V

Conclusione

Durante tutto il lavoro abbiamo avuto la riprova continua della nostra tesi che, partendo dalla affermazione di un nuovo Leopardi spiritualmente invigorito e fatto ancor piú cosciente del proprio mondo interiore fino a sentire il bisogno di spiegarlo e prospettarlo come necessaria e universale salvezza dell’umanità, trovava, non in dipendenza deterministica, ma in intima relazione, come espressione di questo nuovo mondo leopardiano, una nuova poesia, talmente individuata da giustificare la denominazione da noi data ai canti di questo periodo di “nuovi canti”.

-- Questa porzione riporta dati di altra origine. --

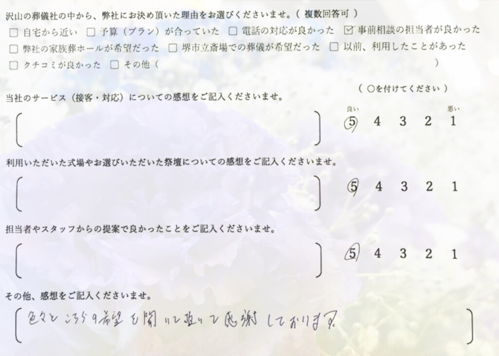 Q:沢山の葬儀社の中から、弊社にお決め頂いた理由をお選びくださいませ。

Questa nuova poesia consiste per noi in una forma “personale” e cioè in una forma vigorosa, eroica, quale è la nuova personalità del poeta che in essa trova la sua piú pura, completa espressione. In essa batte potentemente il passo del nuovo impeto spirituale leopardiano, in essa sentiamo una virilità piú certa e matura che non nelle precedenti poesie.

Il carattere fondamentale, distintivo di questa forma è appunto l’energia, la tenacia con cui vi si esprime il piú profondo animo del poeta.

Questi, nel suo nuovo atteggiamento, è tutto nell’affermazione vigorosa di se stesso, delle proprie convinzioni, del presente, sentito come una conquista di fronte al passato che viene ricordato senza nostalgia, ma anzi come un gradino inferiore nella sua ascesa spirituale, e nella negazione eroica di ciò che gli si oppone: umanità sciocca, destino arcano, natura insuperabile. Senza che egli se ne renda ragione teoricamente (ché anzi teoricamente ancora sente le illusioni come tali) il reale diventa ora l’illusorio, e l’ideale, ciò che non ha saldezza empirica diventa il reale. Perciò questa poesia si può chiamare poesia del presente, poesia eroica e religiosa insieme, e perciò si può caratterizzare negativamente come diversa e tendenzialmente opposta a quella precedente dei grandi idilli, in cui il contrasto fra passato e presente si risolveva a favore del primo e tutto il tono fondamentale era quello della ricordanza, della lontananza, del vago, del nostalgico.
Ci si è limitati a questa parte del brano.